Tuesday, March 2, 2010

There is a House in DC

They call C Street house, which is the target of a complaint filed with the IRS by 13 Ohio clergy members:
The owners of a $1.8 million townhouse on Capitol Hill that has been home and refuge to conservative members of Congress are wrongly claiming a federal tax exemption reserved for religious establishments, 13 Ohio clergy members contend in a complaint to the Internal Revenue Service.

The clergy suspect that the C Street Center, which rents living space to lawmakers, is "an exclusive club for powerful officials . . . masquerading as a church," according to a request for an investigation addressed to IRS Commissioner Douglas Shulman.

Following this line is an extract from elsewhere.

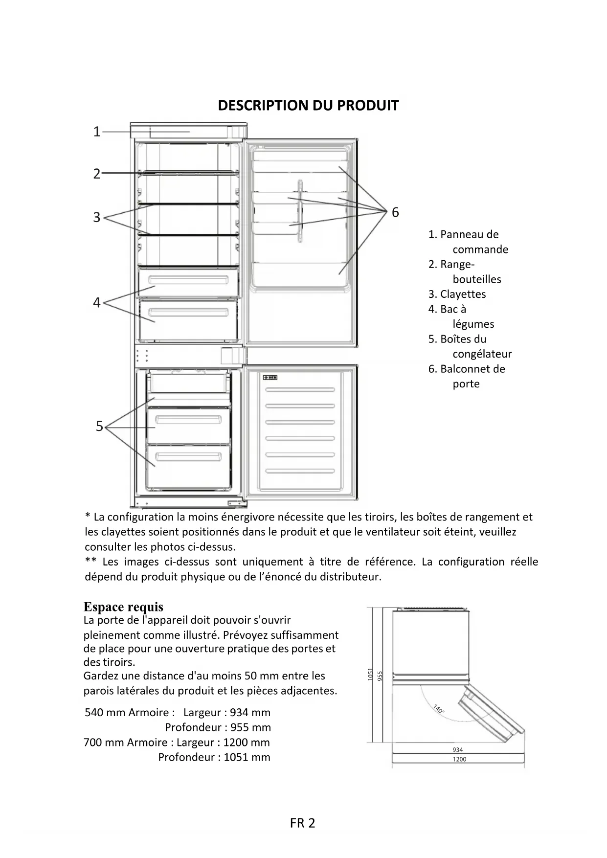 140° 540 mm Armoire : Largeur : 934 mmProfondeur : 955 mm700 mm Armoire : Largeur : 1200 mmProfondeur : 1051 mm FR 2UTILISATION Utilisation
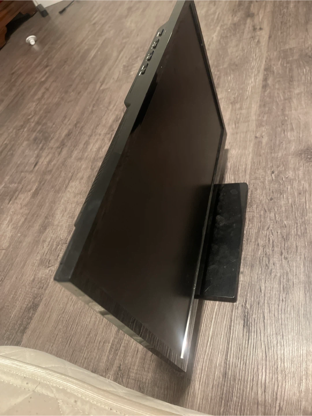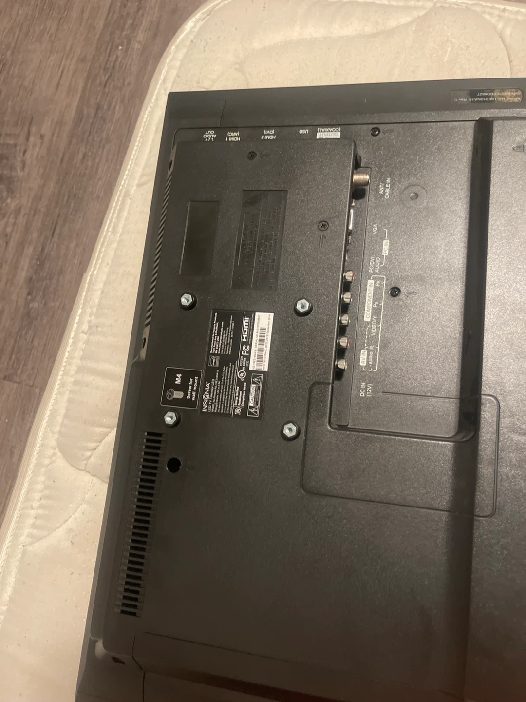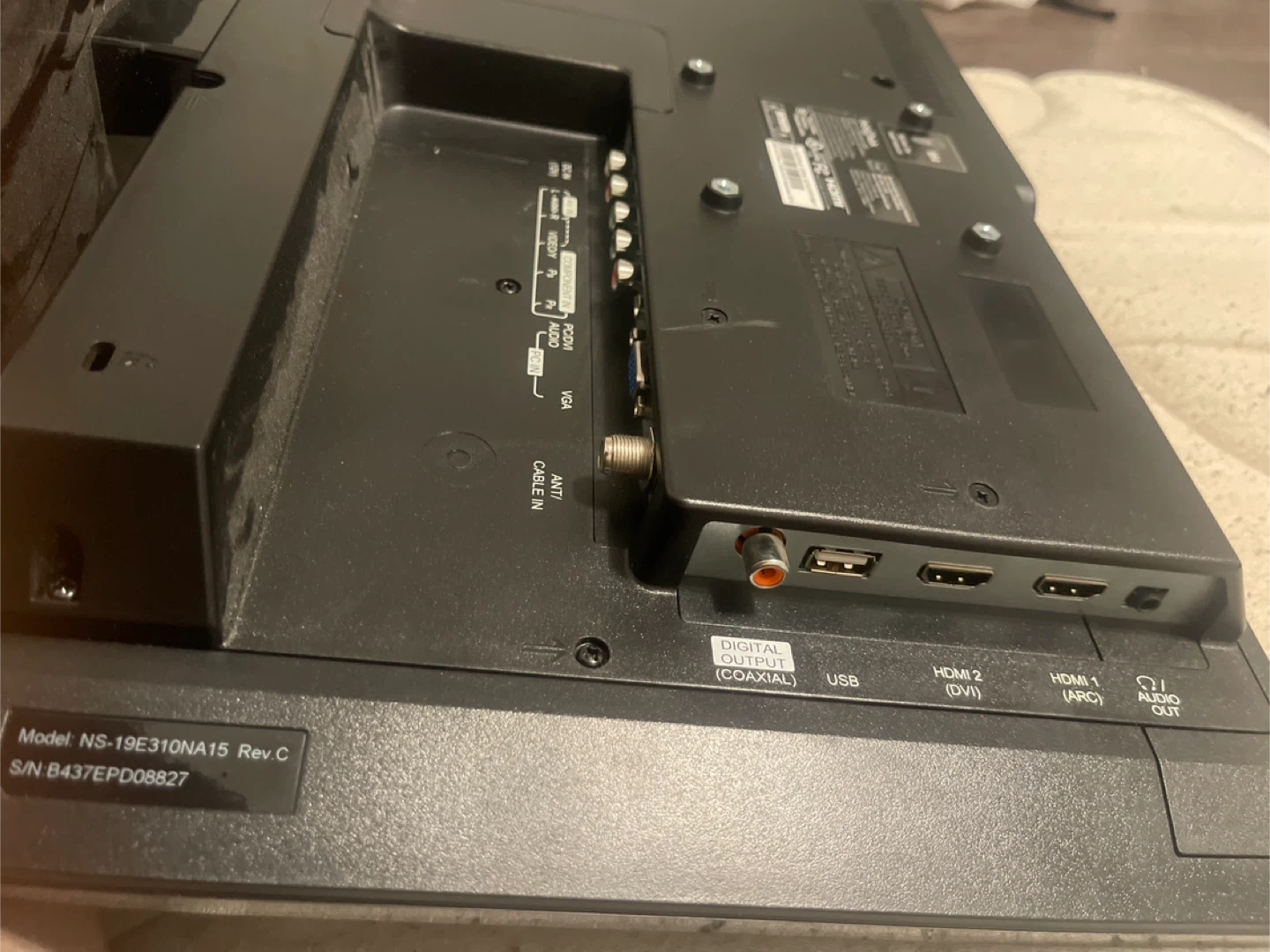 This is an Insignia 19-inch LED TV. It's a black flat screen with a stand. The TV has HDMI, DVI, VGA, and USB inputs.

The Ohio clergy, all Protestant members of Clergy Voice, say that the house serves no public interest and has no recognized creed or form of worship.

A quick Google search of Clergy Voice shows the group is largely progressive so this may be an ideological attack more than it is a concern for the separation of church and state.

I don't know anything about this house and why the owner, The C Street Center, enjoys tax exempt status but apparently DC authorities have already taken a look at it and determined that its activities are 66% taxable and 34% tax exempt. Sounds reasonable; tax exempt organizations pay tax on its non-tax exempt activities. The IRS may have already made the same determination so there may not be much here.

The article has former residents and affiliates not returning phone calls or distancing themselves from the house so it doesn't look good. It may not be. But my sense is that a lot of this kind of thing is going on and, if you don't like it, once again, take a look at your Congressmen. They're the ones who write the tax laws.